La bibliothèque était un outil de travail pour les évêques et le chapitre canonial ; au XIe siècle elle était mise à disposition de l’École de cathédrale. Les gloses marginales érudites qui couvrent de nombreux manuscrits datent pour l'essentiel de la période de la Querelle des investitures.

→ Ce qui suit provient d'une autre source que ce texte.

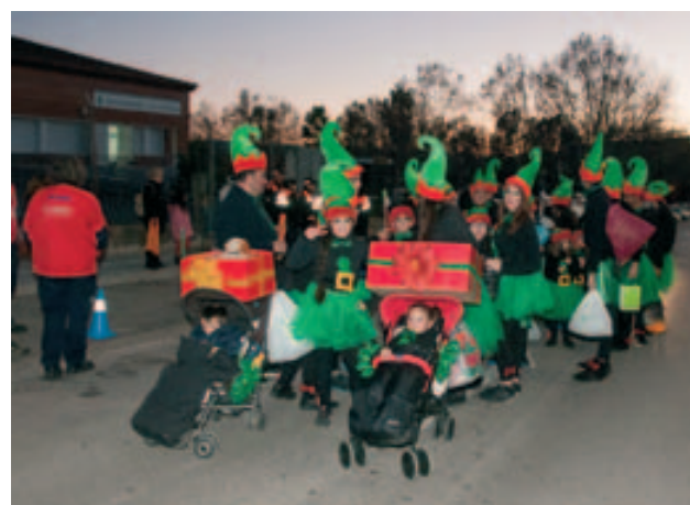
La comparsa dels Follets de la PAH
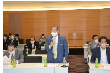
上は、衆議院議員会館で開かれた議連総会、左は、厳しい表情であいさつする野田会長
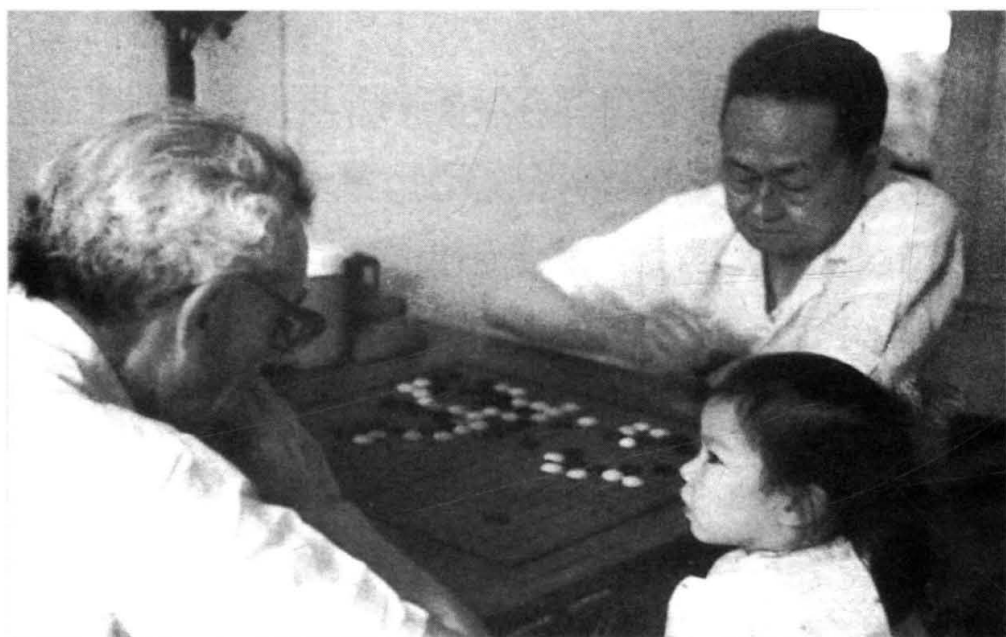
柯召与数学家Erdos对弈
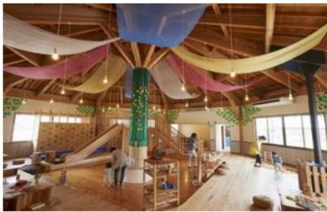
おもちゃハウス内観
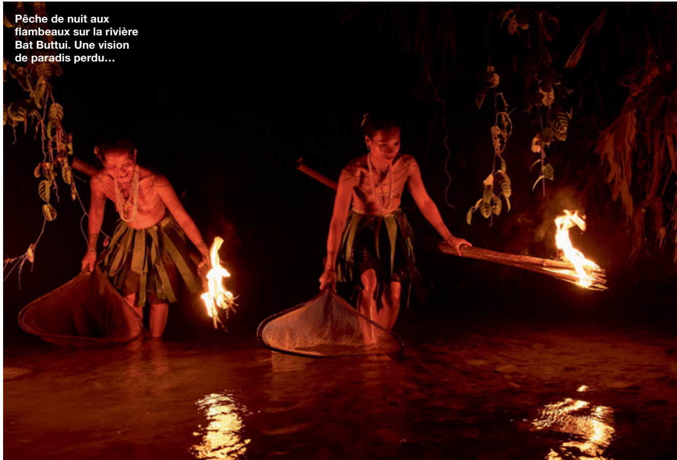
Pêche de nuit aux flambeaux sur la rivière Bat Buttui. Une vision de paradis perdu...
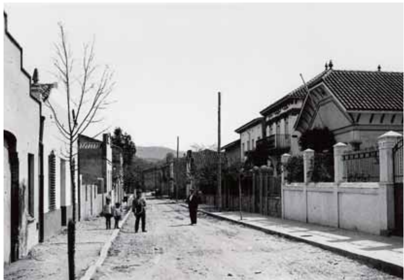
El carrer Major, els anys 20

Des del mes de desembre el carrer Major és d'ús exclusiu per a vianants des de l'avinguda de l'Onze de Setembre fins a la rambla de Sant Sadurní.
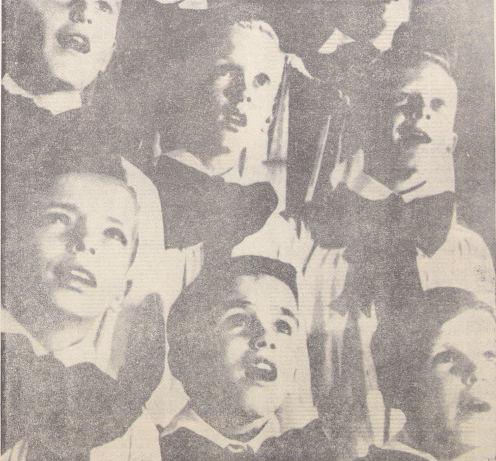
Veintiséis voces componen el Coro de los Niños Cantores de USA, único conjunto en el mundo que incluye óperas en su repertorio. Llegará a Chile el 1.º de agosto y hará solamente dos presentaciones en Santiago. El conjunto, que ha ofrecido conciertos en el Carnegie Hall y actuado junto a la Filarmónica de Nueva York, bajo la dirección de Leonard Bernstein, estrenará en Chile la obra "La Vanidad Dorada"

À partir du XIIIe siècle, la collection s'enrichit des manuscrits de grands scriptoriums de toute l'Europe, entre autres ceux des Cisterciens et de l’Université de Paris. Ainsi un catalogue de 1343 répertorie presque 200 manuscrits à Constance. Son contenu s'accrut encore davantage au XIVe siècle par des donations : ainsi vers 1470 le canoniste érudit Jakob Grimm fit-il don de 8 et 15 volumes tirés de sa bibliothèque ; le théologien Johannes Crutzlinger transmit en 1506 ses livres de droit, de théologien et de belles-lettres classiques.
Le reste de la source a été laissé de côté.